After four years on the New York Times bestseller list, Tuesdays with Morrie is at last available in paperback.

You can read an extract from the book here.

Forgive yourself before you die. Then forgive others.

And old man, a young man, and life's greatest lesson. Thus begins what could well be the most touching and thought-provoking book I have ever read.

For weeks before Morrie's death, every Tuesday Albom would fly from Detroit to meet with his old professor to discuss a variety of topics, such as the world, regrets, death, family, emotions, love, the fear of dying, our culture, forgiveness, and much, much more.

So many people walk around with a meaningless life. They seem half-asleep, even when they're busy doing things they think are important. This is because they're chasing the wrong things. The way you get meaning into your life is to devote yourself to loving others, devote yourself to your community around you, and devote yourself to creating something that gives you purpose and meaning.

As you can see, I've included a number of quotes from the book in this review. I've never encountered a work that made me think, analyze, and reassess the way we live our lives as much as Tuesdays With Morrie did. The reading experience is so special that I forced myself to read it slowly. I wanted to take it all in, to let Morrie Schwartz's words of wisdom truly sink in. Far be it from me to claim that this work will change your life. But believe you me: It will change your outlook on life as we live it in North America and elsewhere in the Western World.

Aging is not just decay...It's growth.

Touching and rewarding moments on basically every page or so, Tuesdays With Morrie is a wonderful book.
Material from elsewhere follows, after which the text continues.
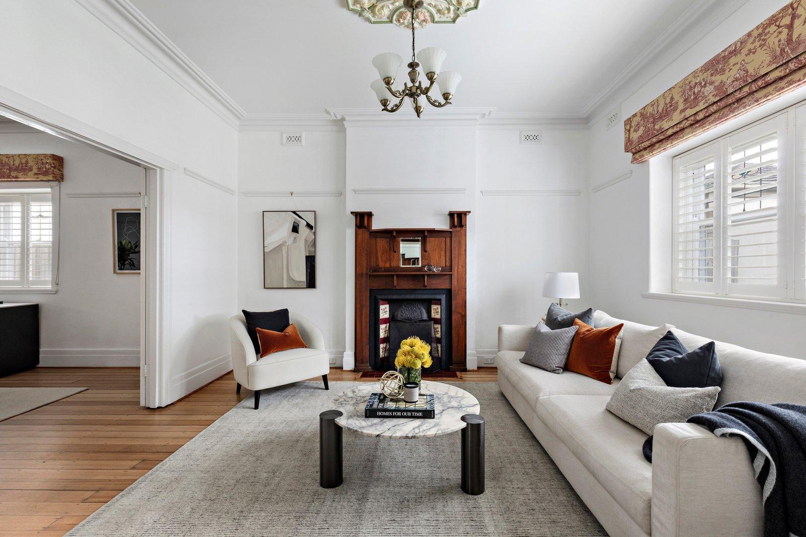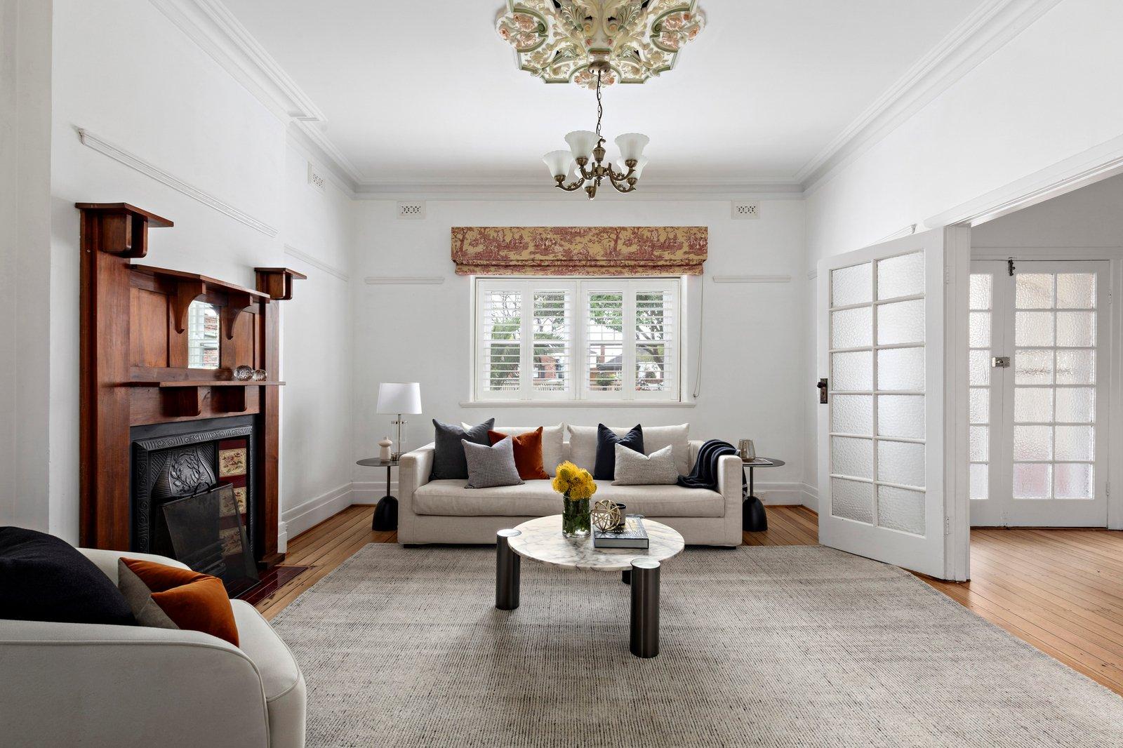 Privately set behind a high picket fence and elegantly landscaped front gardens, the home’s circa-1920s charm is endorsed with a broad entry veranda, stucco rendered walls, and ornate timber-framed windows. Inside, the enchantment continues in the wide, light-filled entry hall with white-painted timber fretwork, polished Tasmanian oak flooring, and soaring, intricately plastered ceilings. In the front formal living room, a glorious botanical-themed ceiling rose adds a sense of bespoke grandeur and is complemented by a matching traditional timber and tiled fireplace, while plantation-shuttered clad windows overlook the gardens. The adjoining grandly proportioned dining space is equally charming and has a servery window from the central stone/Smeg kitchen, along with flow-through access to the open-plan rear section with sliding glass doors connectivity to the alfresco deck. There are three good-sized bedrooms, all with built-in robes, two bathrooms, and the fourth bedroom offers the option to be used as a study providing zoned adaptability to suit contemporary family living. There is also a Euro laundry, central heating and split systems, and the lushly lawned backyard features a custom kids’ cubby house, and a garden shed.

At Brandeis, he taught classes about social psychology, mental illness and health, group process. They were light on what you'd now call "career skills" and heavy on "personal development.

The final verdict: 10/10

For more info about this title: Canada, USA, Europe

1 commentaires:

Steve MC said...

Definitely a book worth reading.

Albom wrote an essay about it once, a sort of update, and I often include this condensed excerpt in letters of condolence:

We still talk, you see. Morrie and I. It was a deal we made. During one of our final visits, he asked me for one last favor: “Talk to me.”

“Talk to you?”

“Like we’re talking now.”

“But it won’t be like now, Morrie. You won’t be able to talk back.”

He tried to smile. “Well, I’ll make you a deal, Mitch. After I’m dead, you talk, I’ll listen.”

So that is what we do now. Only Morrie does more than listen. I still hear his voice. I hear him when I am racing past a sunset, or a mountain, or a cluster of beautiful trees, and he says, “Mitch, as my time is running out, I am drawn to nature as if I’m seeing it for the first time.”

I hear him when he reminds me that “Death ends a life but not a relationship.”

He steers me. He keeps me straight. He is never far away, it seems, talking to me, his eyes twinkling.